DATASET CONTENT ::
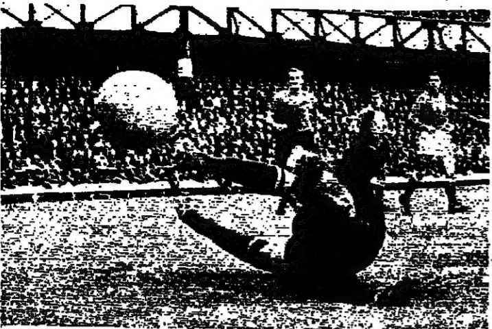
ليف ياشين في إحدى مباريات عام ١٩٥٧. صورة من ترشيح ليف ياشين (نوفوسبي)
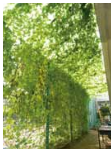
緑のカーテン（区民ひろば千早）
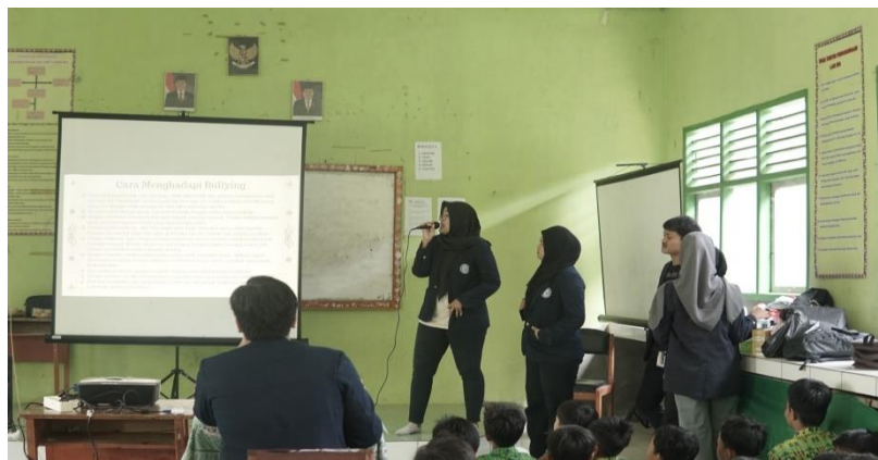
Gambar 2.15 Kegiatan Sosialisasi di SMP Purnama

Sosialisasi di SMP Purnama bertujuan untuk mengedukasi siswa/i akan dasar-dasar kegunaan komputer dan bahayanya bullying.

WHAT YOU WILL DO ::
Check each line of the listing for "Purnama". Show those that have it.

TASK RESPONSE ::
Gambar 2.15 Kegiatan Sosialisasi di SMP Purnama
Sosialisasi di SMP Purnama bertujuan untuk mengedukasi siswa/i akan dasar-dasar kegunaan komputer dan bahayanya bullying.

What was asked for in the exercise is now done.